None of the terms included in the “subjects” unit thesaurus having a priority level of “4” are extracted from the user input 1. However, the “actions” unit thesaurus and the “subjects” unit thesaurus may be designated as correlated thesauruses, and an integrity check setting may be performed such that if terms included in the “actions” unit thesaurus are extracted from the user input 1, terms included in the “subjects” unit thesaurus must be extracted from the user input 1, and vice versa, in order to perform an integrity check based on both the correlated thesauruses. Since the user input 1 is determined to have failed an integrity check based on the “subjects” unit thesaurus having a priority level of 4, the term “notify” in the “actions” unit thesaurus, which is correlated with the “subjects” unit thesaurus, is designated as an item to be corrected.

As described above, a GUI for recommending terms for correcting one or more items to be corrected, chosen from among the terms included in a unit thesaurus corresponding to the items to be corrected based on relationships of BT and NT relationships in the unit thesaurus corresponding to the items to be corrected, may be provided.

In some exemplary embodiments, by using machine learning, the results of analysis of the user input 1 may be learned, and supplementary terms that match the circumstances described in the user input 1 may be recommended. For example, referring to FIG. 3, the demographic characteristics of MI patients with a BP level of 150 or higher and a BST level of 180 or higher may be determined based on medical statistics data, and suitable supplementary terms may be recommended based on the frequency of the determined demographic characteristics.

The informal data-based rule management method according to the present exemplary embodiment that has been described above with reference to FIGS. 1 to 10 may be performed by executing a computer program implemented as a computer-readable code. The computer program may be transmitted from a first computing device to a second computing device via a network such as the Internet, and may then be installed and used in the second computing device. The first and second computing devices may encompass fixed computing devices such as a server device, a desktop personal computer (PC), and the like and mobile computing devices such as a notebook computer, a smartphone, a tablet PC, and the like.

The computer program may be for executing, in combination with a computing device, the steps of: receiving informal data representing a rule; analyzing the informal data; generating formal data that can be processed by the rule engine of the rule management apparatus 10 based on the results of the analysis; selecting one or more items to be corrected for setting the rule from the formal data with reference to a target thesaurus relevant to the rule; and processing the formal data with the selected items corrected, using the rule engine of the rule management apparatus 10. The computer program may be stored in a recording medium such as a digital versatile disc (DVD)-read-only memory (ROM), a flash memory or the like.

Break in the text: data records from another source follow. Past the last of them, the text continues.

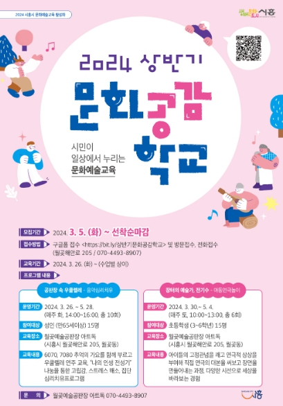 ![]() 시흥시 문화공감학교, 상반기 문화예술교육 참가자 모집 |
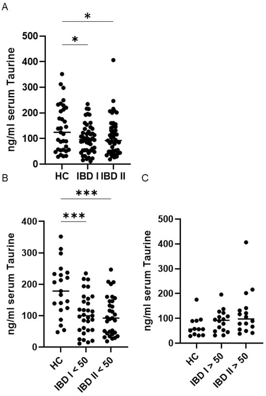 Sustained reduction in serum Taurine levels in inflammatory bowel disease (IBD) patients younger than 50 compared with healthy controls (HC). (A) Serum taurine concentrations were measured in 33 HC and 47 patients with IBD at baseline (I) and after a median follow-up of 45 months (II). Each data point represents an individual participant, and horizontal lines denote the median value for each group. * p < 0.05. IBD patients and HC were divided into two subgroups based on age. Panel (B) includes individuals younger than 50 years, whereas panel (C) shows those aged 50 years or older. Each data point represents the serum taurine concentration of an individual participant, and horizontal bars indicate the median for each group. *** p < 0.001.
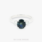 Cast in 18K White Gold, our Birdie ring features a beautiful round cut natural deep blue green parti sapphire, accented by two round natural diamonds on either side.
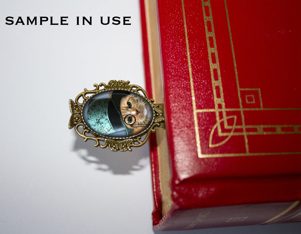 Glass cabochon alloy metal bookmarks make a lovely, affordable, and unique gift idea for any occasion. The oval glass pops up printed image beneath it giving it a 3D appearance. Well crafted to ensure a high quality product.
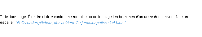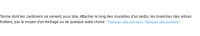 Ancienne signification développée en 1798 par l’académie Française (ACAD - 1798).Merci à Jourdain et Sévérine pour la numérisation du mot palisser.
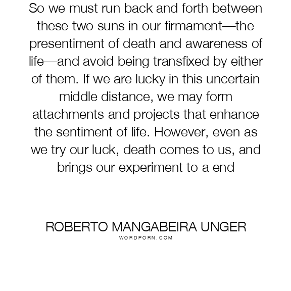 So we must run back and forth between these two suns in our firmament—the presentiment of death and awareness of life—and avoid being transfixed by either of them. If we are lucky in this uncertain middle distance, we may form attachments and projects that enhance the sentiment of life. However, even as we try our luck, death comes to us, and brings our experiment to a end

The computer program may also be for executing the steps of: establishing a unit thesaurus having a tree structure for an examination item group, which includes a plurality of examination items included in medical statistics data; and allocating a priority level, which indicates the level of influence of the examination item group on the incidence of a first disease, to the unit thesauruses. The step of establishing the unit thesaurus may include: determining the identifier of the examination item group as a root node; determining the examination items of the examination item group as the child nodes of the root node, i.e., first child nodes; and determining examination results for each of the examination items of the examination item group as the child nodes of a corresponding first child node, i.e., second child nodes.

The structure and operation of a rule management apparatus according to an exemplary embodiment of the invention will hereinafter be described with reference to FIGS. 11 and 12. FIG. 11 is a block diagram of a rule management apparatus according to an exemplary embodiment of the invention. Referring to FIG. 11, the rule management apparatus 10 may include a network interface 101, a thesaurus establishing unit 103, a thesaurus storage unit 105, an item selection unit 107, a machine learning engine 109, a user input analysis unit 111, a user input conversion unit 113, a rule engine 115, a rule repository 117, and a dictionary storage unit 119.

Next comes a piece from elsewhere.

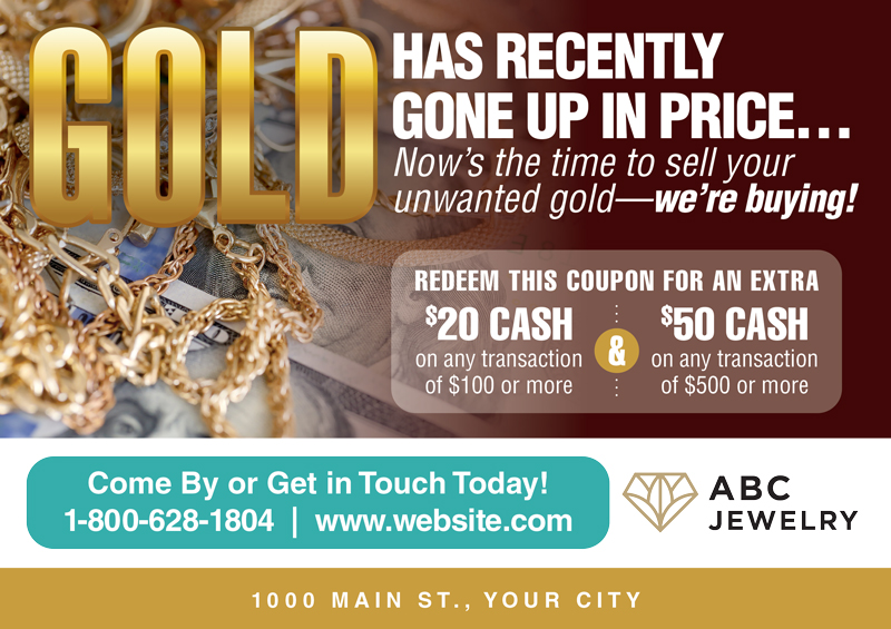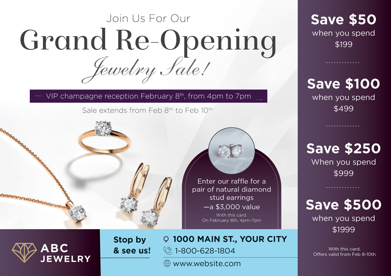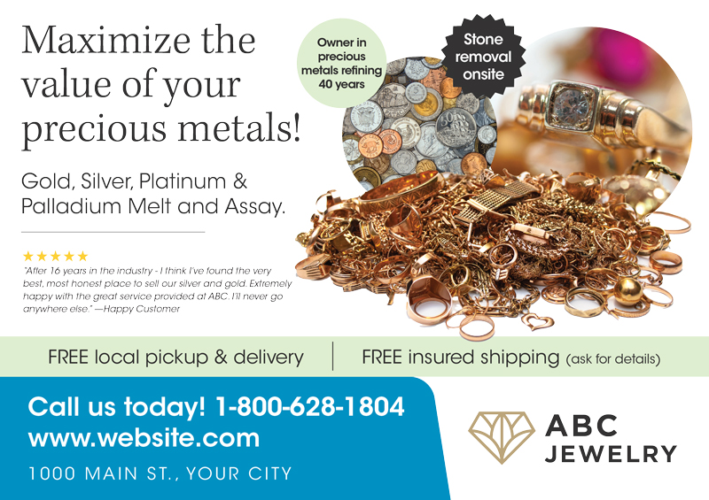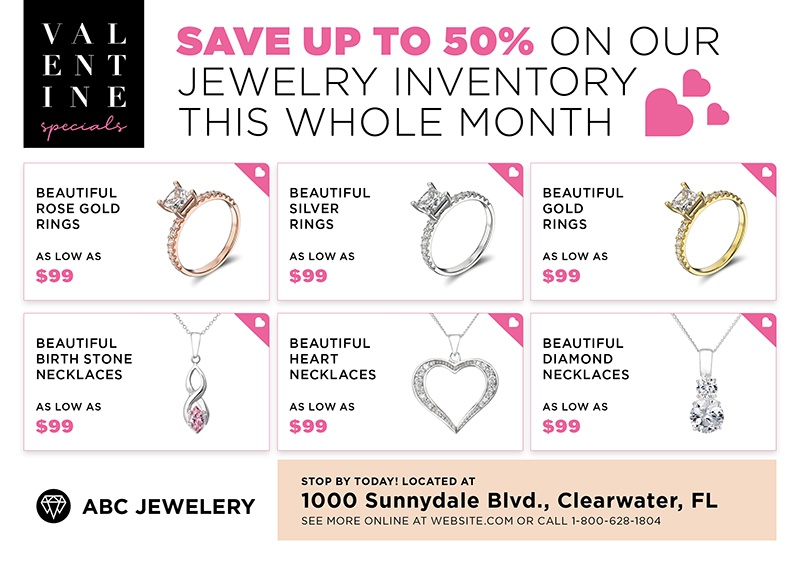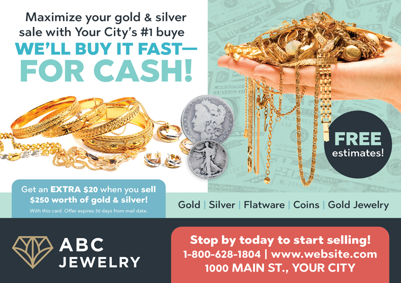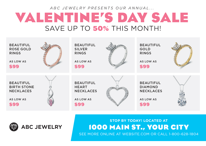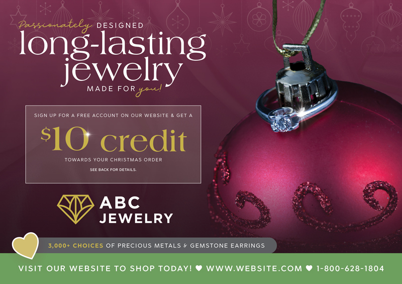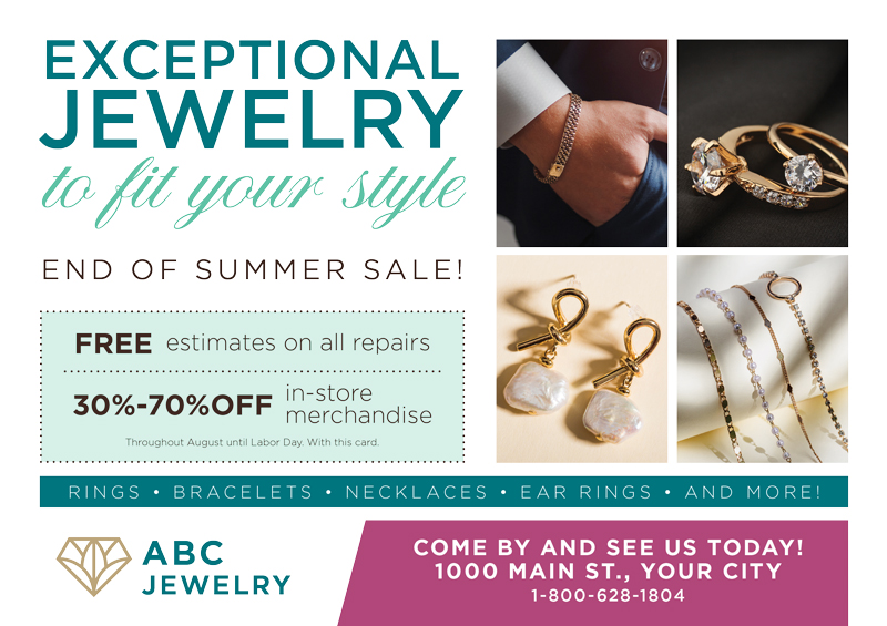 You deserve jewelry marketing that’s as effective as your products are gorgeous. We’ve worked with hundreds of jewelers and jewelry professionals, and we’ve tracked the data from all the jewelry ads that work including marketing jewelry online. Above you’ll see examples of direct mail postcards and marketing ideas for jewelry business. These are actual postcards our clients have used with spectacular results. Easily get jewelry advertisement ideas from any of our designs you see above… or, better yet — we can customize any of our designs with your store’s logo. If you prefer, we can even design you a fresh NEW postcard from scratch. Simply scan through our gallery, and don’t forget to grab your FREE samples of our jewelry marketing postcards delivered directly to you… just enter your email below!

The network interface 101 receives medical statistics data from a medical statistics data management apparatus, provides the medical statistics data to the thesaurus establishing unit 103, transmits a GUI for correcting a rule, created by the item selection unit 107, to a terminal device, receives informal data for setting a rule from the terminal device, provides the informal data to the user input analysis unit 111, provides data for sensing the occurrence of an event to the rule engine 115, receives a notification request from the rule engine 115, and transmits data to the terminal device to be notified.

The thesaurus establishing unit 103 establishes a unit thesaurus having a tree structure for an examination item group, which includes a plurality of examination items included in the medical statistics data, and allocates a priority level, which indicates the level of influence of the examination item group on the incidence of a first disease, to the unit thesauruses. The thesaurus establishing unit 103 packages one or more unit thesauruses into a single thesaurus and stores the thesaurus in the thesaurus storage unit 105.

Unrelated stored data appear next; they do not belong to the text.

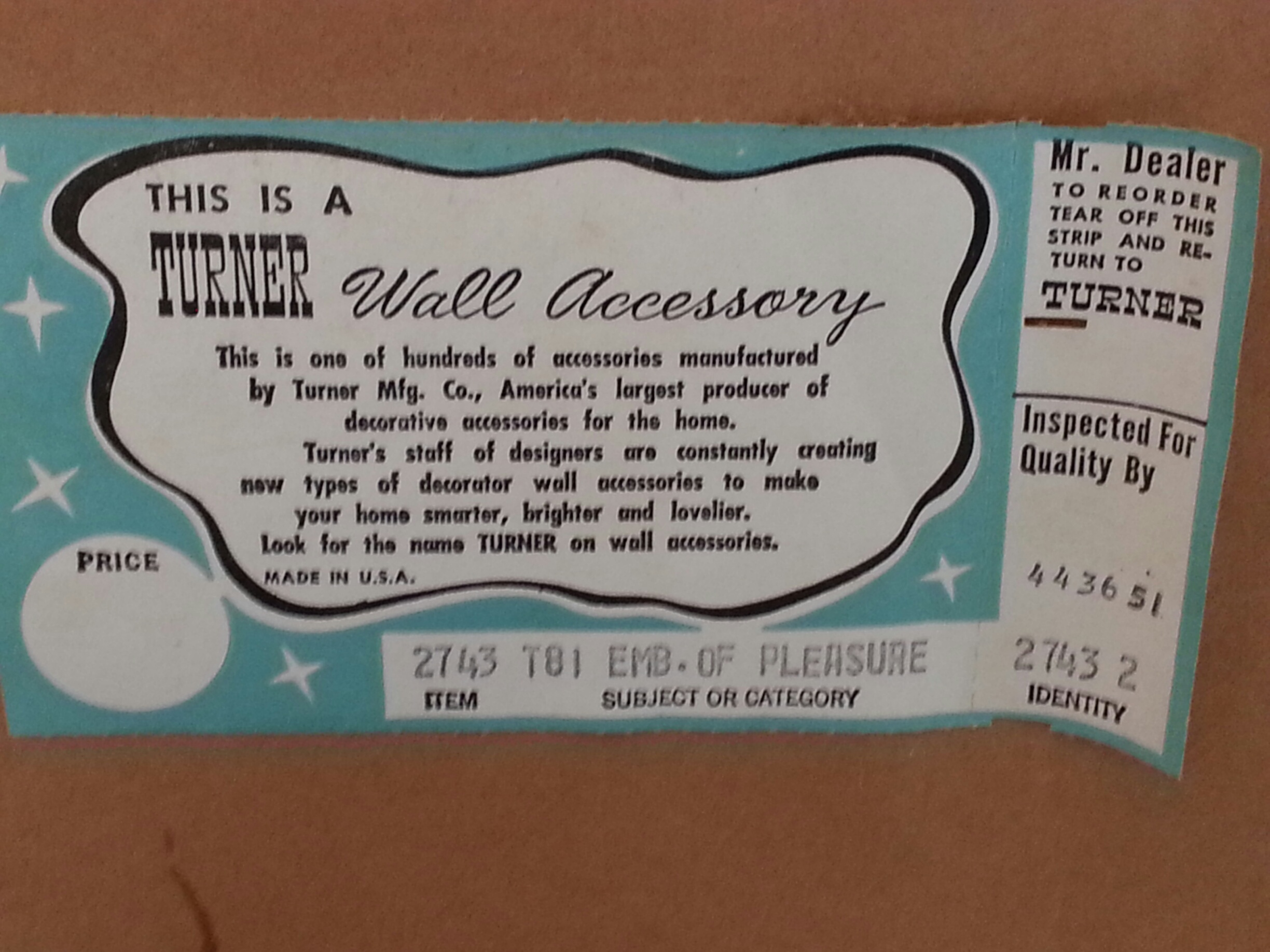 Turner wall accessory Item 2743 T81 Emb Of Pleasure
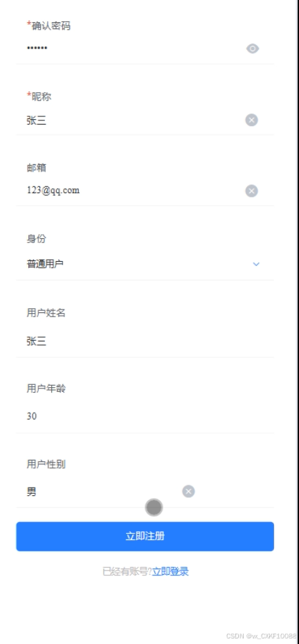 | 输入完整并且格式正确的数据 | 提示“创建成功”,并显示所有数据 | 预期结果 |
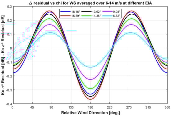 Delta residual (in dB) between KuPR and KaPR σ0 directional anisotropy as a function of relative wind direction (χ) at different EIAs, for wind speed averaged over 6–14 m/s.
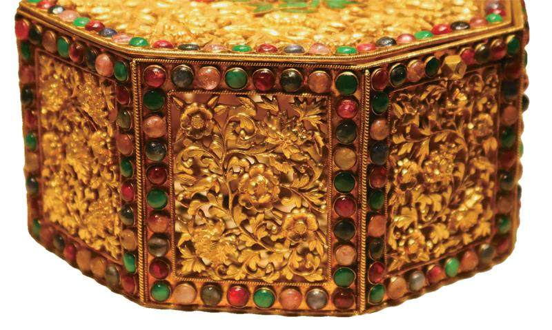 从自然角度看,黄金的物理和化学特性赋予其独特优势。它的化学性质稳定,不易与其他物质发生化学反应,抗氧化、耐腐蚀,历经千百年依然能闪耀迷人的光芒。黄金不仅色泽夺目、易于辨识,而且具有极强的延展性和可锻性,是所有金属中最具可塑性的一种,在无形之中满足了皇室对奢华工艺的追求。
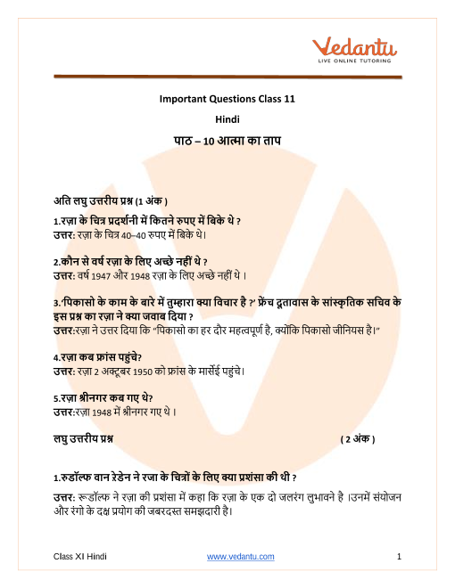 1. What are the most important 5-mark questions for CBSE Class 11 Hindi Chapter 10 – Aatma Ka Taap as per the 2025–26 board pattern?
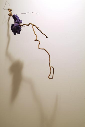Encaramada III. Rama de sauce rizada y esponja pigmentada. Dimensiones variables

The user input analysis unit 111 analyzes the informal data received from the terminal device using a domain dictionary stored in the dictionary storage unit 119 and provides the results of the analysis to the item selection unit 107. The item selection unit 107 selects one or more items to be corrected for setting a rule from the formal data with reference to a target thesaurus relevant to the rule.

The item selection unit 107 may use data learned by the machine learning engine 109 to select the items to be corrected with reference to the target thesaurus. The machine learning engine 109 may learn the correlations and connections between nodes of the target thesaurus and may reflect the results of the learning into the selection of the items to be corrected. More specifically, referring to the unit thesaurus of FIG. 8B, in response to the term “15 cigarettes” being extracted from user input text, it may be learned that the extracted term is associated with the amount of smoking, and even for a term of a particular unit thesaurus is lacked such that the term is designated as an item to be corrected, supplementary terms may be suggested with reference to the correlations between the nodes of the target thesaurus.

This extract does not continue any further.